In den 60er Jahren erforschte Frederick Herzberg die Quellen der Motivation mit erstaunlichen Ergebnissen. Seine Zwei-Faktoren Theorie besagt, dass Faktoren der Arbeitszufriedenheit sich unterscheiden von Faktoren, die zu Unzufriedenheit im Job führen. Es sind vor allem innere Anreize, wie Erfolg, Anerkennung und Arbeitsinhalte, die uns zu mehr Leistung antreiben. Die Lernpsychologie zeigt: Je mehr einem Menschen zugetraut wird, desto mehr wächst er über sich hinaus.

Motivation muss der Unterschiedlichkeit von Menschen Rechnung tragen.
Die Forschung zeigt, Menschen unterscheiden sich in ihrer Persönlichkeit genauso wie in ihren Arbeitszielen.

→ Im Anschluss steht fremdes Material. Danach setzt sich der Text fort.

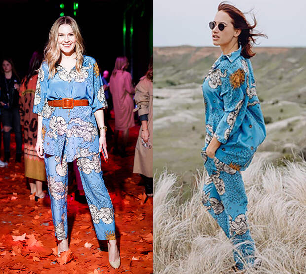 Российская актриса Мария Кожевникова посетила модный показ в костюме в пижамном стиле от Алены Ахмадулиной. Она дополнила его красно-коричневым поясом и нюдовыми туфлями. Этот же нежно-голубой костюм с принтом в виде солнца и облаков решила примерить телеведущая и актриса Мария Кравцова.
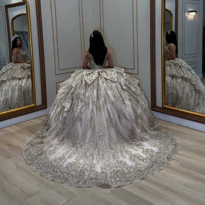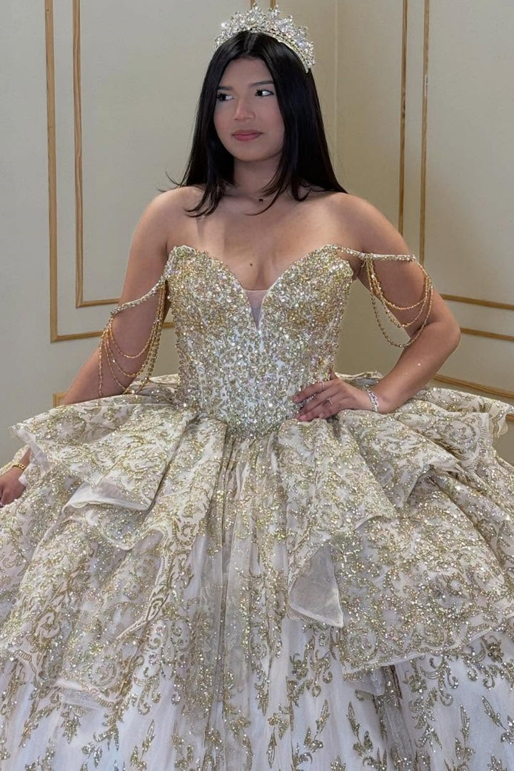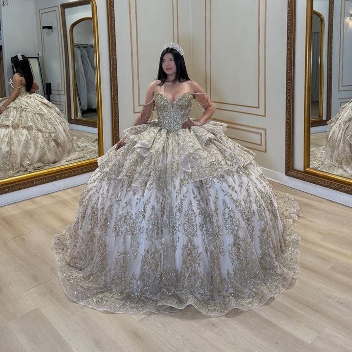Description: Celebrate your quinceañera in timeless elegance with this stunning off-shoulder gown. Crafted with meticulous attention to detail, this dress features delicate beading throughout, voluminous ruffled layers, and a charming bow knot accent that captures the essence of this milestone moment. The sleeveless design showcases the shoulders while the luxurious gold fabric creates a radiant, sophisticated look. Perfect for creating unforgettable memories on your special day, this Sweet 15 dress combines classic femininity with contemporary style, ensuring you feel confident and beautiful as you celebrate this cherished tradition.
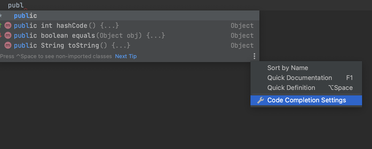 现在,您可以直接从代码补全弹出窗口中的垂直省略号菜单按钮访问 Code Completion Settings(代码补全设置)并配置偏好设置。
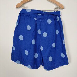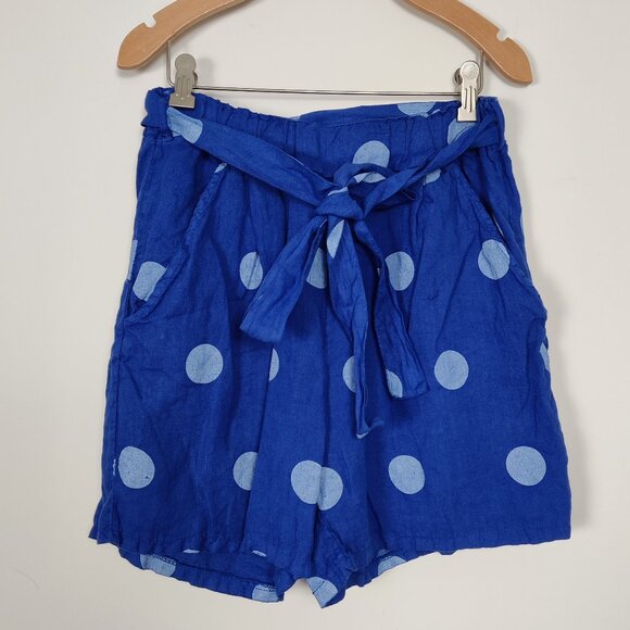 Froccella Women's Shorts One Size Blue Linen Polka Dot Resortwear Lightweight

Mehr Freiraum für MitarbeiterInnen fordert deshalb R. K. Sprenger in seinem Buch Mythos Motivation [2]. In den Führungsetagen hat sich noch nicht herumgesprochen, dass MitarbeiterInnen Freiraum brauchen, um kreativ zu sein. Mehr Steuerung und Kontrolle durch die Organisation und die Führungskräfte wirkt demotivierend auf die Leistungsbereitschaft.

Individuelle Anreize schaffen. Der Neurobiologe H.G. Häusel rückt das limbische System in den Vordergrund seines Motivationskonzeptes. In seinem Buch „Limbic Success“ [3] beschreibt er das Hirnzentrum als Verarbeitungsinstanz innerer und äußerer Reize und als Steuerungsorgan von Gefühlen. Häusel geht davon aus, dass die Analyse des so genannten limbischen Profils, bestehend aus drei großen Motivsystemen in unterschiedlicher Gewichtung, hilfreich sein kann, MitarbeiterInnen individuell zu motivieren. Eine wesentliche Rolle spielt die passende Ansprache in der Kommunikation mit der Führungskraft und die individuelle Gestaltung der Arbeitsinhalte.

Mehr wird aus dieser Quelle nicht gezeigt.